焼けぼっくいに火をつけて
先生への気持ちが固まったのは、秋頃だった。

夏休みが終わり、2学期になっても、相変わらずわたしたちの放課後は補習。

1学期の期末試験もわたしたちは散々な結果で、先生は呆れ返っていた。

肩に疲れを感じて、プリントの問題を解く手を止める。紗絵ちゃんは大会前の練習で、補習を休んでいる。

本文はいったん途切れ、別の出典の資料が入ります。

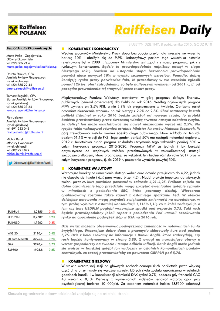 Zespół Analiz Ekonomicznych: Marta Petka - Zagajewska. Główny Ekonomista tel. (22) 585 24 61 [email protected] Dorota Strauch, CFA Analityk Rynków Finansowych (rynek walutowy) tel. (22) 585 29 44 [email protected] Tomasz Regulski, CFA Starszy Analityk Rynków Finansowych (rynek giełdowy) tel. (22) 585 33 24 [email protected] Piotr Jelonek Analityk Rynków Finansowych (rynek giełdowy) tel. 691 222 046 [email protected] Michał Burek. Młodszy Ekonomista (rynek obligacji) tel. 609 921 092 [email protected] EUR/PLN 4,2355 -0,1% USD/PLN 3,7609 0,2% EUR/USD 1,1262 -0,3% WIG 20 2110,4 0,4% DJ Euro Stoxx50 3226,4 0,2% DAX 9970,4 0,7% S&P500 1995,8 0,8% BIULETYN DZIENNY, 8 października 2015, GODZ 9.10 KOMENTARZ EKONOMICZNY Według szacunków Ministerstwa Pracy stopa bezrobocia przełamała wreszcie we wrześniu barierę 10% i obniżyła się do 9,9%. Jednocyfrowy poziom tego wskaźnika ostatnio rejestrowany był w 2008 r. Szacunek Ministerstwa jest zgodny z naszą prognozą, jak i z rynkowym konsensusem. Będzie to prawdopodobnie najniższy odczyt w ciągu bieżącego roku, bowiem od listopada stopa bezrobocia prawdopodobnie powróci nieco powyżej 10% w wyniku sezonowych wzrostów. Ponadto, dobrą kondycję rynku pracy potwierdza fakt, iż pracodawcy w we wrześniu zgłosili ponad 126 tys. ofert zatrudnienia, co było najlepszym wynikiem od 2001 r., tj. od początku prowadzenia tej statystyki przez resort pracy. Międzynarodowy Fundusz Walutowy zrewidował w górę prognozy deficytu finansów publicznych (general government) dla Polski na rok 2016. Według najnowszych prognoz MFW wyniesie on 2,5% PKB, a nie 2,3% jak prognozowano w kwietniu. Obniżony został natomiast nieznacznie szacunek na rok bieżący z 2,9% do 2,8%. Choć ostateczny kształt polityki fiskalnej w roku 2016 będzie zależał od nowego rządu, to projekt budżetu przedstawiony przez ówczesną władzę stwarza naszym zdaniem ryzyko, że deficyt ten może ukształtować się nawet nieznacznie wyżej niż 2,5%. Na ryzyko takie wskazywał również ostatnio Minister Finansów Mateusz Szczurek. W górę zrewidowana została również ścieżka długu publicznego, która zakłada na ten rok poziom 51,1% w relacji do PKB. Jego spadek poniżej 50% ma nastąpić natomiast dopiero w 2019 r. Kwietniowa runda prognoz zakładała utrzymanie tego wskaźnika poniżej 50% w całym horyzoncie prognozy 2015-2020. Prognozy MFW są jednak i tak bardziej optymistyczne od rządowych założeń przedstawionych w zaktualizowanej strategii zarządzania długiem, która prognozuje, że wskaźnik ten będzie rósł do roku 2017 oraz w całym horyzoncie prognozy, tj. do 2019 r. pozostanie wyraźnie powyżej 50%. KOMENTARZ WALUTOWY Wczorajsze korekcyjne umocnienie złotego wobec euro dotarło przejściowo do 4,22, jednak nie okazało się trwałe i dziś para wraca bliżej 4,24. Nadal brakuje impulsów do większych zmian, przez co kurs powinien pozostać w zakresie 4,21-4,25. Próbom zejścia na dolne ograniczenie tego przedziału mogą sprzyjać ewentualne gołębie sygnały w minutkach z posiedzenia EBC, które poznamy dzisiaj. Wieczorem opublikowany zostanie także raport z ostatniego spotkania Fed. W efekcie dzisiejsze notowania mogą przynieść zwiększenie zmienności na eurodolarze, w tym próbę wybicia z ostatniej konsolidacji 1,1150-1,13, co z kolei zadecyduje o tym czy kurs USDPLN pogłębi wczorajsze spadki pod wsparcie 3,75. Taki ruch będzie prawdopodobny jeżeli raport z posiedzenia Fed utrwali oczekiwania rynku na opóźnienie podwyżek stóp w USA na 2016 rok. Dziś wciąż możemy obserwować podwyższoną zmienność w notowaniach funta brytyjskiego. Wczorajsze dobre dane z przemysłu skierowały kurs nad poziom 5,75. Dziś z kolei czekamy na informacje z Banku Anglii, które zadecydują, czy ruch będzie kontynuowany w stronę 5,80. Z uwagi na narastające obawy o wzrost gospodarczy na świecie i tempo odbicia inflacji, Bank Anglii może jednak się wpisać w bardziej gołębi ton widoczny w ostatnich komunikatach banków centralnych, co raczej przemawiałoby za powrotem GBPPLN pod 5,75. KOMENTARZ GIEŁDOWY W trakcie wczorajszej sesji na głównych zachodnioeuropejskich parkietach przez większą część dnia utrzymywały się wyraźne wzrosty, których skala została ograniczona w ostatnich godzinach handlu i w konsekwencji niemiecki DAX zyskał 0,7%, podczas gdy francuski CAC 40 wzrósł o 0,1%. Pierwszy z wymienionych indeksów testował wczoraj opór przy psychologicznej barierze 10 000pkt. Za oceanem natomiast indeks S&P500 zakończył Klauzula ograniczenia odpowiedzialności znajduje się na ostatniej stronie. 1 BIULETYN DZIENNY, 8 października 2015, GODZ 9.10 wczorajsze notowania wzrostem o 0,8% tuż pod barierą 2000pkt. W najbliższym czasie przy pustym kalendarzu makro uwaga inwestorów będzie skierowana na trwający sezon publikacji raportów kwartalnych, a ten wyraźnie przyspieszy dopiero w przyszłym tygodniu, gdy poznamy pierwsze kwartalne raporty dla największych amerykańskich banków. Do tego czasu w notowaniach indeksu S&P500 może zabraknąć impulsów do trwałego pokonania psychologicznej bariery 2000pkt. W najbliższym czasie lepiej mogą sobie radzić spółki paliwowe, którym będzie sprzyjać obserwowane na rynkach odbicie cen ropy. W trakcie wczorajszej sesji wzrosty nie ominęły również warszawskiego parkietu, gdzie indeks WIG20 zyskał 0,4%, podczas gdy mWIG40 oraz sWIG80 zyskały odpowiednio 0,8% oraz 0,3%. Indeks polskich blue chipów potwierdził wczoraj powrót ponad barierę 2100pkt. jednak jeszcze jest zbyt wcześnie do stwierdzenia trwałej poprawy perspektyw w jego notowaniach. Warto natomiast zwrócić uwagę na indeksy średnich spółek. Po tym jak w ostatnim czasie padły sygnały kupna w przypadku indeksu sWIG80, w notowaniach mWIG40 w najbliższym czasie również może dojść do istotnych rozstrzygnięć. Jego perspektywy uległyby zdecydowanej poprawie w przypadku pokona

首をくるりと回すと、ゴリゴリと音がした。教室には、男子たちが鉛筆を動かす音が続く。

「!」

先生に目を向けたわたしは、思わず息を飲んだ。

いつものように空いた席に座っている先生だけど・・・。

窓の外に向けている先生の目からは、静かに涙が流れていた。

大人の男の人が泣くなんて・・・。

激しくなる鼓動に合わせて、耳の奥がドクドクと脈打つ。目を逸らすことができない。

プリントと対峙している男子たちは、先生の涙に気づいてないみたいだ。

鼓動を落ち着かせようと目を閉じて、何回も深呼吸する。

何か、辛いことがあったの?

もう1度先生を見ると、手のひらで涙を拭うところだった。涙を拭った先生が、教室に向き直ったから、わたしは慌てて顔を逸らした。

「そろそろ終わるか?」

・・・先生の声は、いつもの先生のものだ。

見てしまった先生の涙と、いつもと変わらない声に、わたしの心臓は鷲掴みされたみたいにギュッと苦しくなった。

涙の理由を知りたい。先生の力になりたい。
先生のことをもっと知りたい・・・。

ほのかな憧れが、強い恋心に変わった瞬間だった。

後に先生の涙は、わたしの勘違いだと判明したけど。

「北山、気分が悪いのか?」
「え?あっ、わっ!」

突然目の前に現れた先生に、思わずのけぞってしまった。

「そんな逃げ方されたら、俺でも傷つくぞ。・・・終わってるな。よし、答え合わせするぞ」

何事もなかったように振る舞う先生に、わたしは切なさを募らせた。